1. Power Supply: Connect VDD to a 2.4V to 3.6V power source and GND to the system ground.
2. Communication Interface: Choose between I2C or SPI for communication and connect SCL/SPC and SDA/SDI accordingly. If using SPI, also connect SDO and CS.
3. Interrupts: Optionally, connect INT1 and INT2 to microcontroller interrupt pins for motion detection or data-ready signals.

• Use decoupling capacitors close to the power pins to filter out noise.
• Ensure that the I2C/SPI lines have appropriate pull-up resistors.
• Mount the accelerometer firmly to avoid false readings due to mechanical vibrations.
• Calibrate the sensor for accurate measurements.

#include <Wire.h>

// WG901 I2C address (check datasheet for your device's address)
#define WG901_I2C_ADDRESS 0x1D

// Register addresses (refer to the WG901 datasheet)
#define REG_CTRL1 0x20
#define REG_OUT_X 0x29

void setup() {
  Wire.begin(); // Initialize I2C
  Serial.begin(9600); // Start serial communication at 9600 baud

  // Initialize WG901 (set ODR, measurement range, etc.)
  Wire.beginTransmission(WG901_I2C_ADDRESS);
  Wire.write(REG_CTRL1);
  Wire.write(0x57); // Example configuration byte
  Wire.endTransmission();
}

void loop() {
  int16_t xAccel = readAcceleration(REG_OUT_X);
  Serial.print("X-Axis Acceleration: ");
  Serial.println(xAccel);
  delay(100); // Read every 100 milliseconds
}

int16_t readAcceleration(byte regAddress) {
  Wire.beginTransmission(WG901_I2C_ADDRESS);
  Wire.write(regAddress);
  Wire.endTransmission(false);
  Wire.requestFrom(WG901_I2C_ADDRESS, 2, true);

  byte lowByte = Wire.read();
  byte highByte = Wire.read();

  // Combine the two bytes into a 16-bit value and return it
  return (int16_t)((highByte << 8) | lowByte);
}

• No Data Output: Ensure that the power supply is within the specified range and that the I2C/SPI connections are correct.
• Inaccurate Readings: Verify that the accelerometer is properly calibrated and mounted securely.
• Communication Errors: Check for proper pull-up resistors on the I2C/SPI lines and absence of signal noise.

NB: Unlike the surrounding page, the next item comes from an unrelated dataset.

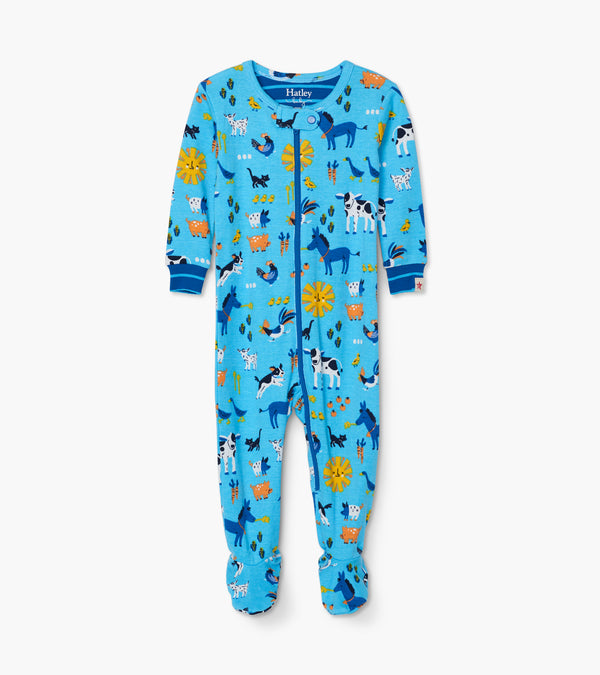 Barnyard Friends Cotton Romper - BlueBarnyard Friends Cotton Romper - Blue
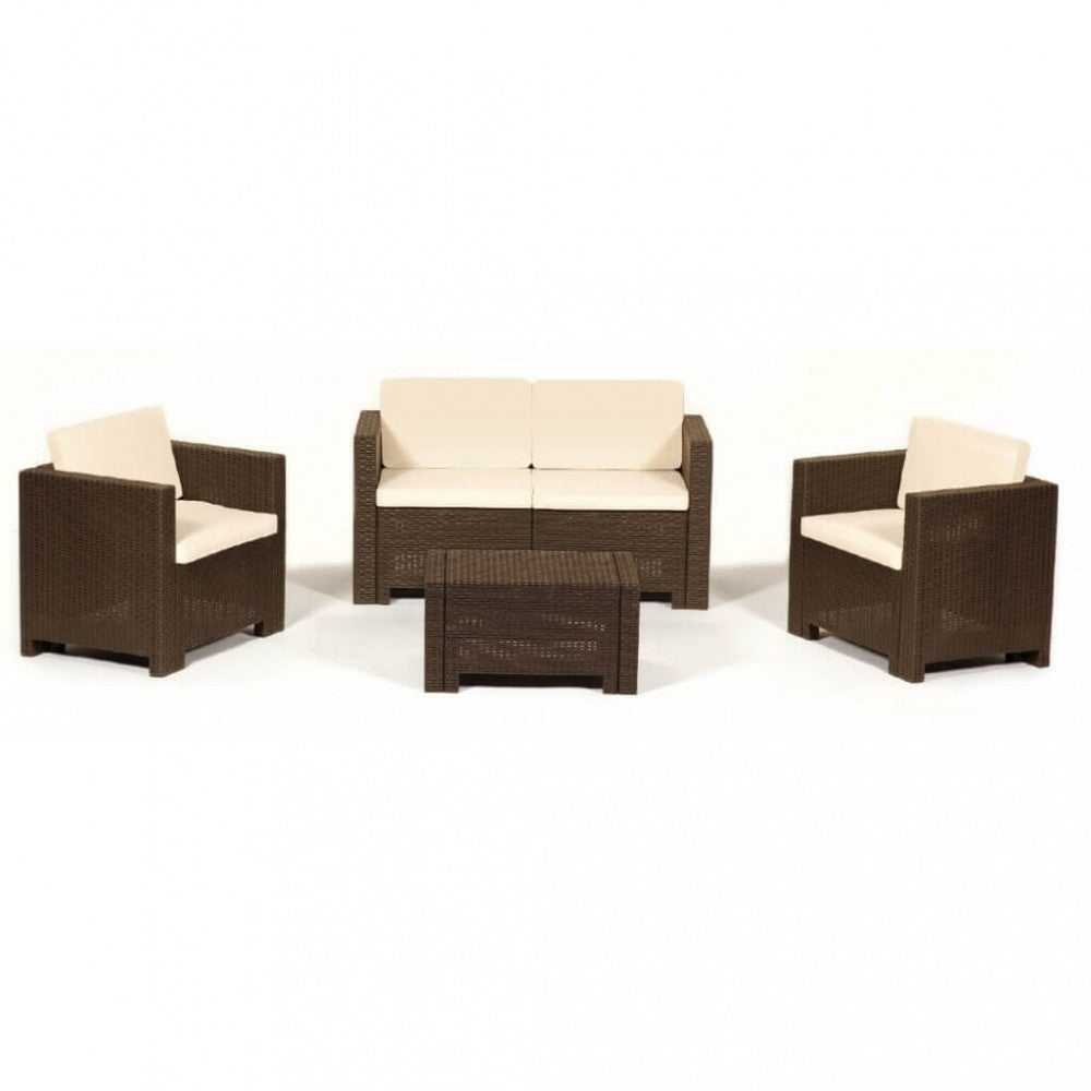 Set Salotto da Giardino Divano 2 Poltrone e Tavolino con Cuscini in Polipropilene Marrone

Q: How do I change the measurement range? A: Modify the configuration byte sent to the REG_CTRL1 register to select the desired range.

Q: Can I use both I2C and SPI simultaneously? A: No, you must select one communication protocol and configure the device accordingly.

Q: What is the purpose of the INT1 and INT2 pins? A: These pins can be configured to output interrupt signals for events like data ready, free-fall detection, or motion detection.

Q: How do I interpret the raw acceleration data? A: The raw data needs to be converted using the sensitivity level set by the measurement range. Refer to the datasheet for the conversion formula.

This documentation provides a foundational understanding of the WG901 accelerometer and how to integrate it into electronic projects. For more detailed information, always refer to the manufacturer's datasheet.